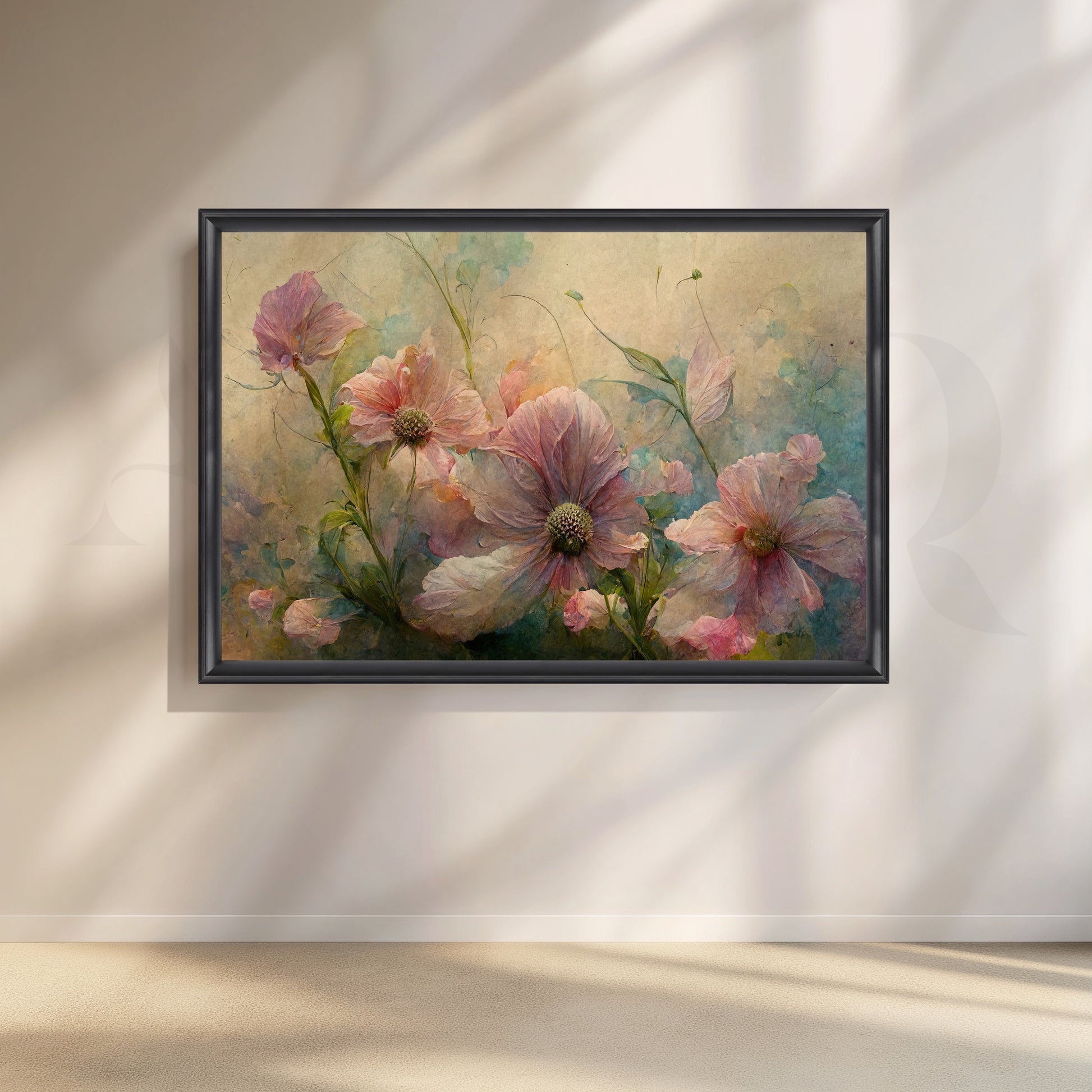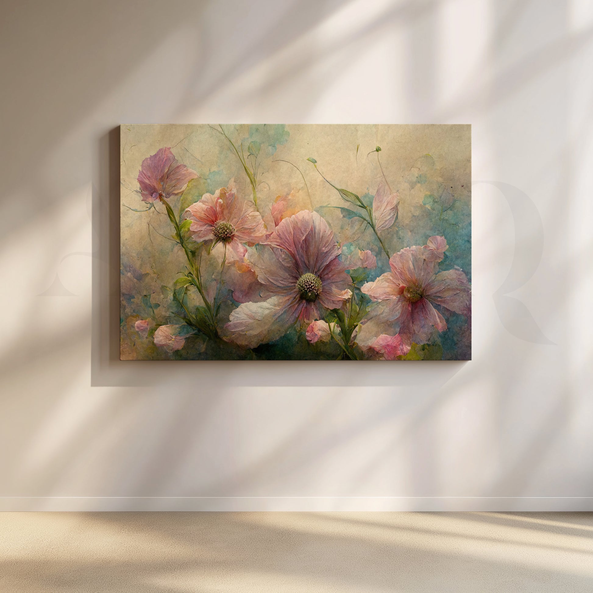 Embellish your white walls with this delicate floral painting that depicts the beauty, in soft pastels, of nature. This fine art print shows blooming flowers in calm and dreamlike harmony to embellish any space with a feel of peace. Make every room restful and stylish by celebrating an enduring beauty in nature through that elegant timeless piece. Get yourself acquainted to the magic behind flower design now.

------------------------------------

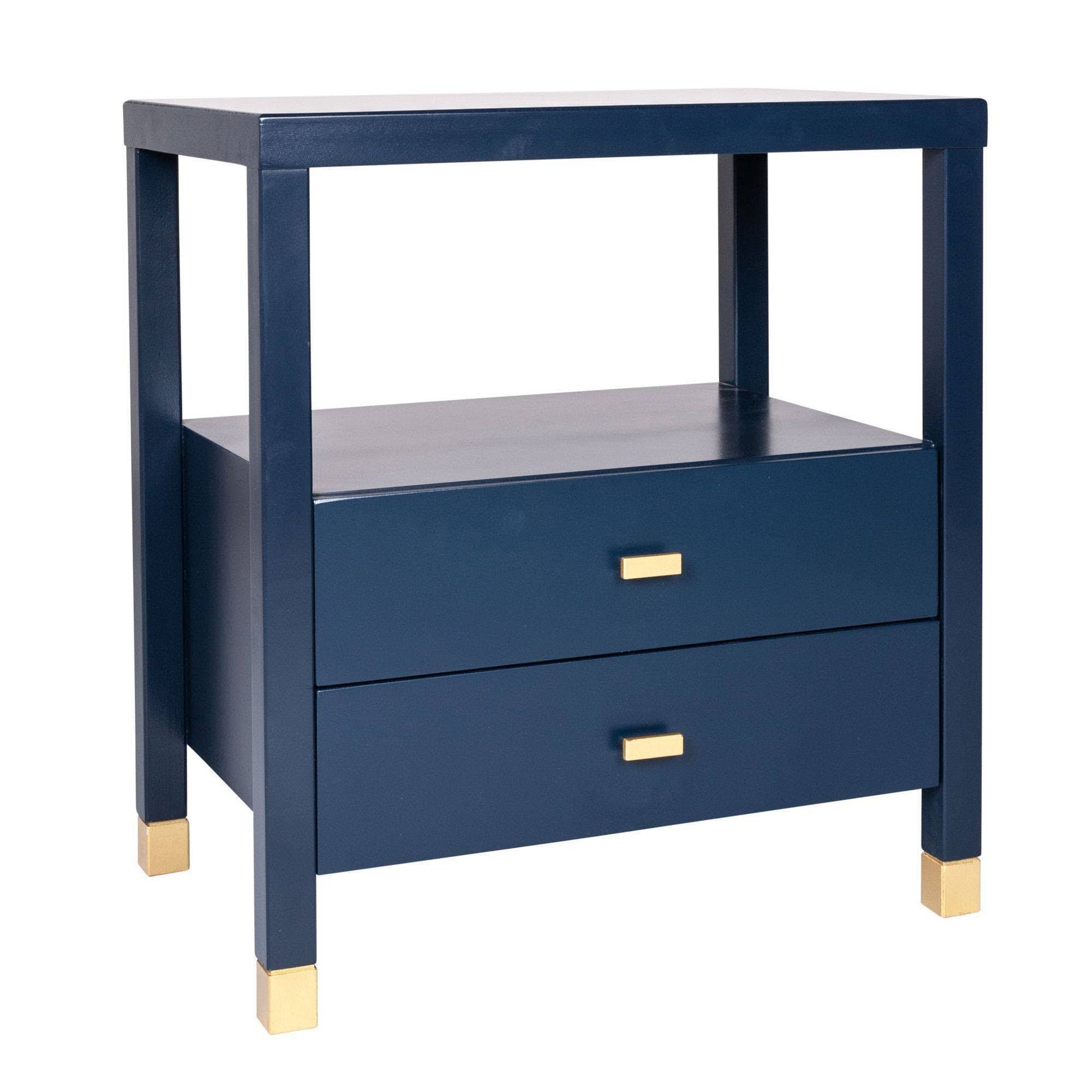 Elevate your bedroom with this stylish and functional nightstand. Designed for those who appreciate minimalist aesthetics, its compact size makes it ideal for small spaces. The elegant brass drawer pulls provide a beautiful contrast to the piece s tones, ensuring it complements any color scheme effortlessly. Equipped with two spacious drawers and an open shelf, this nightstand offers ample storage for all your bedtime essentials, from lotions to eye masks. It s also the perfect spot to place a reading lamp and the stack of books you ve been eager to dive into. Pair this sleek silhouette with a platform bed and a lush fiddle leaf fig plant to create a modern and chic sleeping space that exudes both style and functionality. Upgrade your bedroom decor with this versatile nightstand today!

------------------------------------

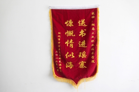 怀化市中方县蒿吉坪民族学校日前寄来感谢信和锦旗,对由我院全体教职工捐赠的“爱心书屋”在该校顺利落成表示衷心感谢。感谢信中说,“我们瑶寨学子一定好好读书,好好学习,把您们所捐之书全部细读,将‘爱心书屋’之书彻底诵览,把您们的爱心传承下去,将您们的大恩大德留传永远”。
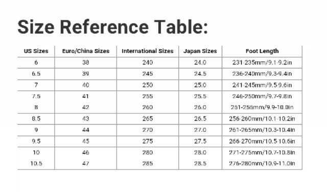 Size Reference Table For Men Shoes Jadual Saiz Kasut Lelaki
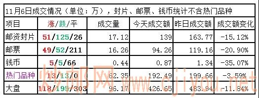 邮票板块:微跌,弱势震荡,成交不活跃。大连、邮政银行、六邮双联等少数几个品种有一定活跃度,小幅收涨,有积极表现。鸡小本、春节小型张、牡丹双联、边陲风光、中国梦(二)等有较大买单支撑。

------------------------------------

§ What you will do
Reproduce, exactly and only, the lines of the records above starting at the line with "怀化市中方县蒿吉坪民族学校日" and ending at the line with "Size Reference Table", both included. Leave every picture out.

§ Task result
 怀化市中方县蒿吉坪民族学校日前寄来感谢信和锦旗,对由我院全体教职工捐赠的“爱心书屋”在该校顺利落成表示衷心感谢。感谢信中说,“我们瑶寨学子一定好好读书,好好学习,把您们所捐之书全部细读,将‘爱心书屋’之书彻底诵览,把您们的爱心传承下去,将您们的大恩大德留传永远”。
 Size Reference Table For Men Shoes Jadual Saiz Kasut Lelaki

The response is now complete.